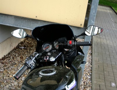 Da ich das ganze mit Karosseriekleber und Sekundenkleber FIXIERT habe, sieht aus, als würde es zum Bikde gehören. Nein, es ist nicht versaut, ging aber nicht anders. Ja, man kann sich jetzt auf die Spiegel drauf setzen
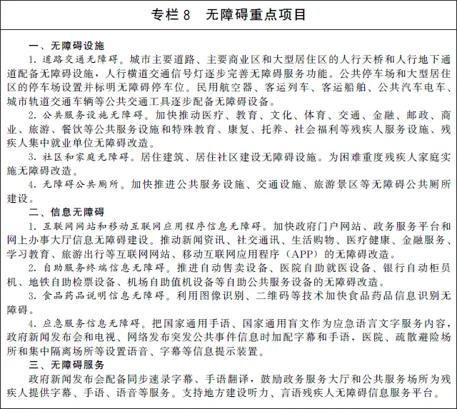4.加快发展信息无障碍。将信息无障碍作为数字社会、数字政府、智慧城市建设的重要组成部分,纳入文明城市测评指标。推广便利普惠的电信服务,加快政府政务、公共服务、电子商务、电子导航等信息无障碍建设,加快普及互联网网站、移动互联网应用程序和自助公共服务设备无障碍。推进智能化服务要适应残疾人需求,智能工具应当便于残疾人日常生活使用。促进信息无障碍国家标准推广应用,加强对互联网内容可访问性的测试、认证能力建设,开展互联网和移动互联网无障碍化评级评价。支持研发生产科技水平高、性价比优的信息无障碍终端产品。
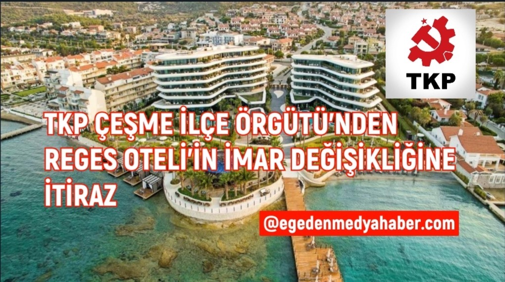 Türkiye Komünist Partisi (TKP) Çeşme İlçe Örgütü, imar planı değişikliğine karşı İzmir Büyükşehir Belediyesi’ne resmi itirazda bulundu. TKP Çeşme İlçe Örgütü açıklamasında, “Çeşme’de hazırlanan bu yeni rant tuzağıyla, yapmış oldukları inşaat ruhsat eklerine aykırı bağımsız bölümlerine yasal statü kazandıracaklar, tapu verecekler, kârlarına kâr katacaklar” ifadelerine yer verildi.

What the exercise asks: Please copy out the whole listing exactly, minus its pictures.

Response:
 Da ich das ganze mit Karosseriekleber und Sekundenkleber FIXIERT habe, sieht aus, als würde es zum Bikde gehören. Nein, es ist nicht versaut, ging aber nicht anders. Ja, man kann sich jetzt auf die Spiegel drauf setzen
4.加快发展信息无障碍。将信息无障碍作为数字社会、数字政府、智慧城市建设的重要组成部分,纳入文明城市测评指标。推广便利普惠的电信服务,加快政府政务、公共服务、电子商务、电子导航等信息无障碍建设,加快普及互联网网站、移动互联网应用程序和自助公共服务设备无障碍。推进智能化服务要适应残疾人需求,智能工具应当便于残疾人日常生活使用。促进信息无障碍国家标准推广应用,加强对互联网内容可访问性的测试、认证能力建设,开展互联网和移动互联网无障碍化评级评价。支持研发生产科技水平高、性价比优的信息无障碍终端产品。
 Türkiye Komünist Partisi (TKP) Çeşme İlçe Örgütü, imar planı değişikliğine karşı İzmir Büyükşehir Belediyesi’ne resmi itirazda bulundu. TKP Çeşme İlçe Örgütü açıklamasında, “Çeşme’de hazırlanan bu yeni rant tuzağıyla, yapmış oldukları inşaat ruhsat eklerine aykırı bağımsız bölümlerine yasal statü kazandıracaklar, tapu verecekler, kârlarına kâr katacaklar” ifadelerine yer verildi.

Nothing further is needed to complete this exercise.